The lyrics of “Creases” feel a bit like a personal essay set to a melody, with Heno starting with a thesis statement – “you can never know the extent of the pain someone’s going through” – and then outlining his experiences, his philosophy, and his plan for action in life. It’s thoughtful and clear-headed, but also direct in speaking about depression and trauma in a way that feels very particular to this moment in time. I’ve noticed that when musicians write about these topics now it’s almost always in plain and direct language that wouldn’t be too far off from, say, an Instagram caption. It makes some sense, in that being this clear about it is the most effective way of communicating these ideas and it’s a choice to be raw and vulnerable, but I do find myself yearning for more abstraction. I can imagine a version of this that isn’t quite so obvious in its language and plays more on the ambiguous feel of the melody and arrangement, which conveys a feeling of calm just on the other side of panic and chaos.
Buy it from Bandcamp.
Water City Hair
WheelUP featuring Bembe Segue “Fusion”
The aptly-titled “Fusion” is dense with great sounds and strong hooks and it all adds up to something that commands physical movements, but the part of that really gets me is what Danny Wheeler does with clips of rhythm guitar and blips of keyboards throughout the composition. I love the way it sounds like those parts on another plane from the rest of the track, like something dropped in or superimposed over the more solid whole.
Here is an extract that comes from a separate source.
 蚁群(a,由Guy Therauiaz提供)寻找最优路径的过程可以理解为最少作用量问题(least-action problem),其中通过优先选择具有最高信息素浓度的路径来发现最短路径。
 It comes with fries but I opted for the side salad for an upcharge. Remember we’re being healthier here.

There’s a haphazard feel to it, like there’s some degree of raw improvisation to these sampled elements – I wouldn’t be surprised at all if Wheeler manipulated them in a loose and gestural way, something deliberately unquantized in a track that’s otherwise quite tight in the bounce of its polyrhythms.
Buy it from Bandcamp.
LINKS LINKS LINKS LINKS LINKS LINKS LINKS LINKS
• Here’s Will Butler from Arcade Fire with an essay in The Atlantic about his complicated feelings about getting back to playing live gigs again, even with the promise of the pandemic getting under control by the end of the year.
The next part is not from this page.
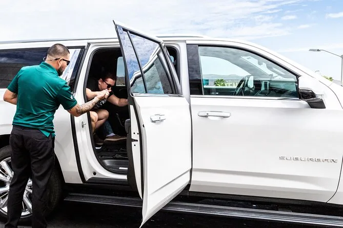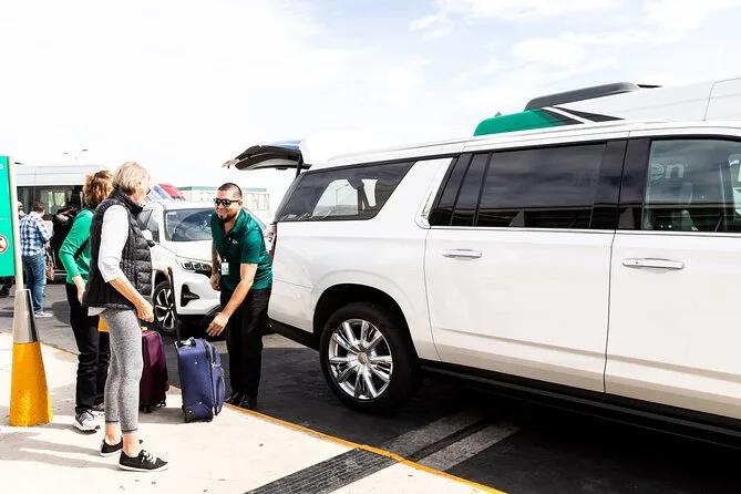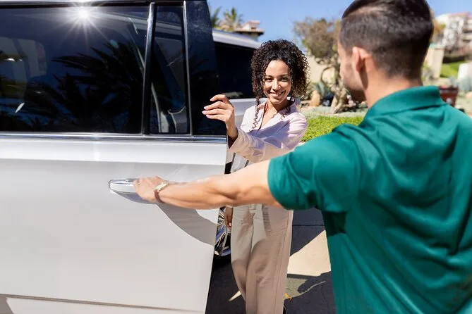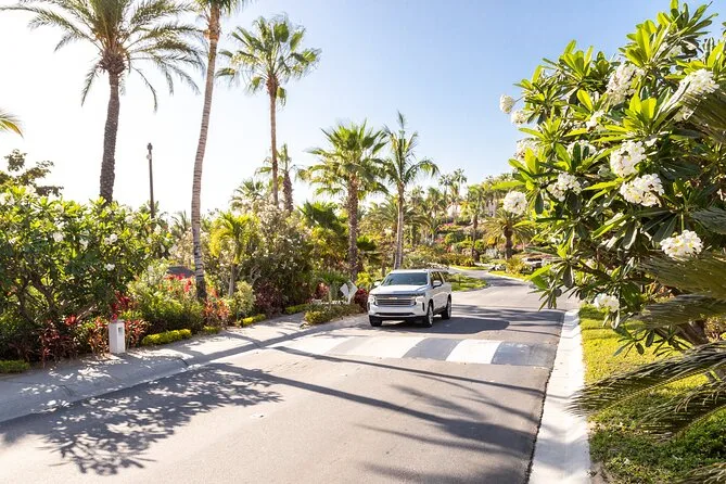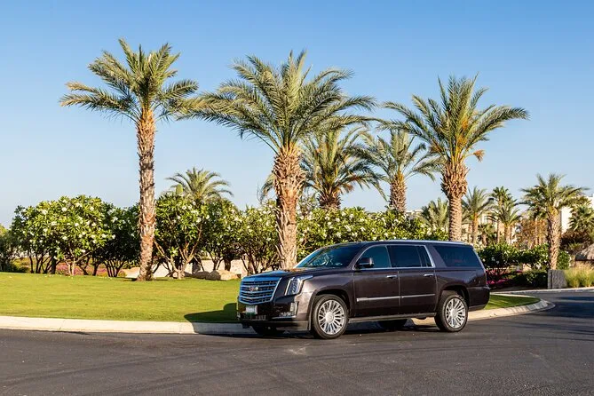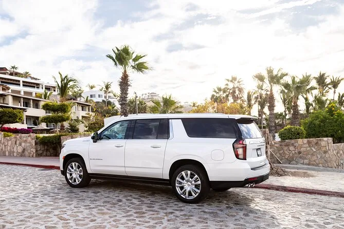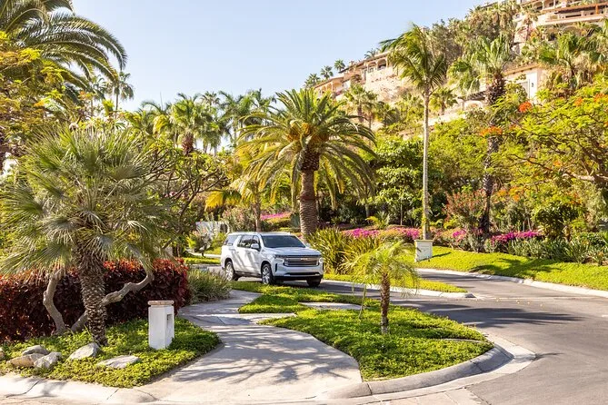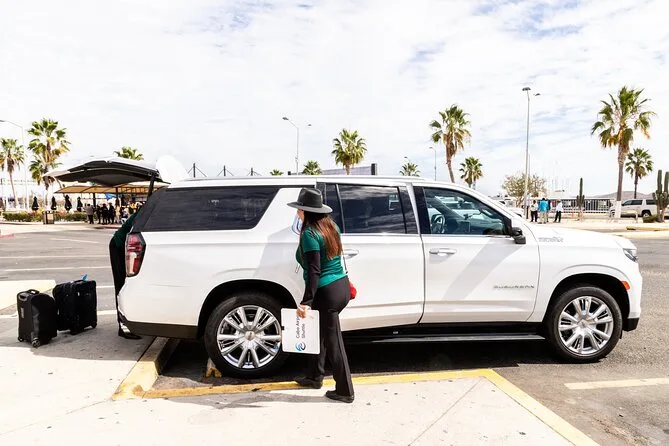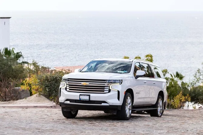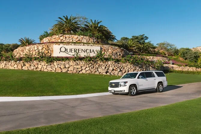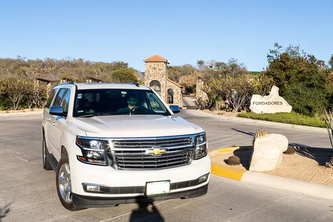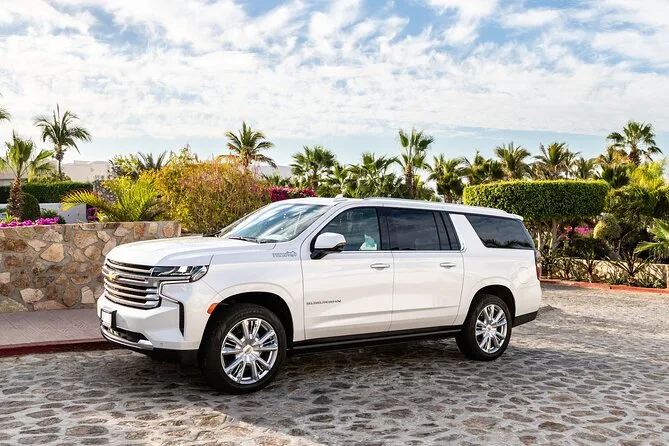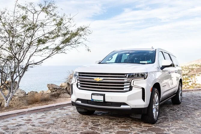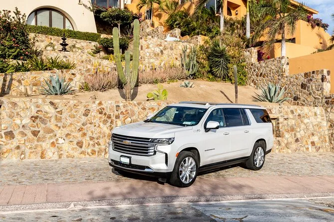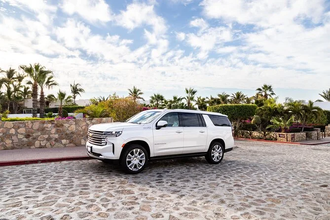 Sua reserva inclui transporte privado ida e volta em SUV com ar-condicionado do Aeroporto de Los Cabos até seu hotel no Corredor Turístico (e retorno), todos os impostos e taxas inclusos, além de água e cervejas geladas à sua espera no carro — é só relaxar e deixar o motorista local cuidar de tudo, da recepção até o desembarque.

• Tegan O’Neil is back with OH, WHAT A ROGUE, a new series of incredibly thoughtful blog-posts-as-book-chapters, this time it’s all directly or loosely connected to musing on Rogue from the X-Men. Here’s part one and here’s part two.
• Tom Breihan’s The Number Ones column on Stereogum is one of my favorite things on the internet every week but I’ve particularly loved his recent posts about George MIchael’s “Faith” and “Father Figure,” INXS’s “Need You Tonight,” and Michael Jackson’s “The Way You Make Me Feel.”